DESCRIPTION OF THE TASK:
Copy each line in the data that includes the word "pool".

DATASET CONTENT:
+++++
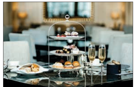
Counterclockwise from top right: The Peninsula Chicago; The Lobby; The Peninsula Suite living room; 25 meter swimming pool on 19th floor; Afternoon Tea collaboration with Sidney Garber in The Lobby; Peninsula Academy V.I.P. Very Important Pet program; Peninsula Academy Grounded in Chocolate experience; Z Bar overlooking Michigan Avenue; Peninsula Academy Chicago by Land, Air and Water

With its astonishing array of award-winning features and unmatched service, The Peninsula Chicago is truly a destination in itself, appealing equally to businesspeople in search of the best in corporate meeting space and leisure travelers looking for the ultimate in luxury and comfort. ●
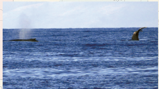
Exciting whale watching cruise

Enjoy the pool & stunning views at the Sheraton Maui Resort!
+++++
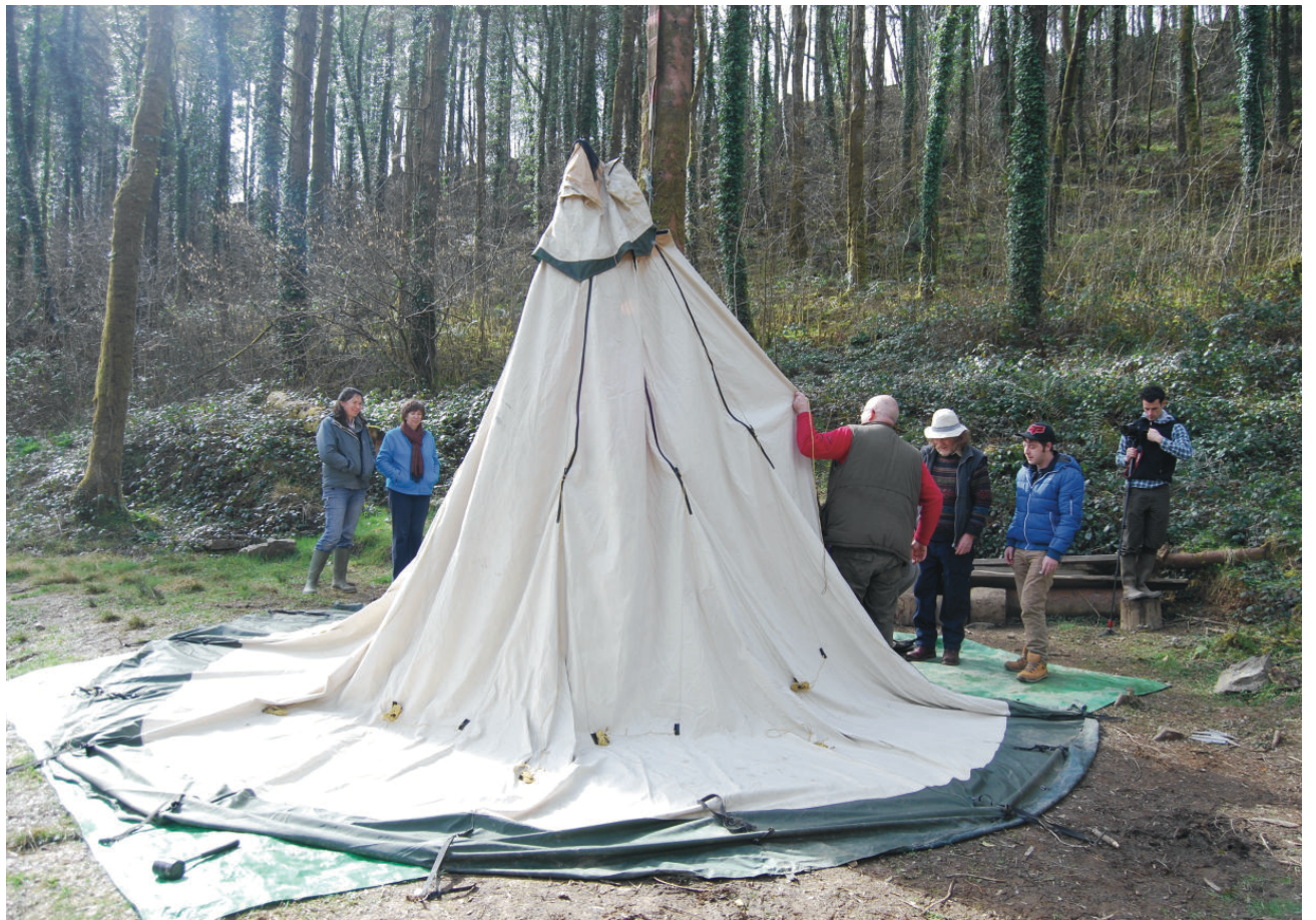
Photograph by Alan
+++++
YOUR RESPONSE:
Counterclockwise from top right: The Peninsula Chicago; The Lobby; The Peninsula Suite living room; 25 meter swimming pool on 19th floor; Afternoon Tea collaboration with Sidney Garber in The Lobby; Peninsula Academy V.I.P. Very Important Pet program; Peninsula Academy Grounded in Chocolate experience; Z Bar overlooking Michigan Avenue; Peninsula Academy Chicago by Land, Air and Water
Enjoy the pool & stunning views at the Sheraton Maui Resort!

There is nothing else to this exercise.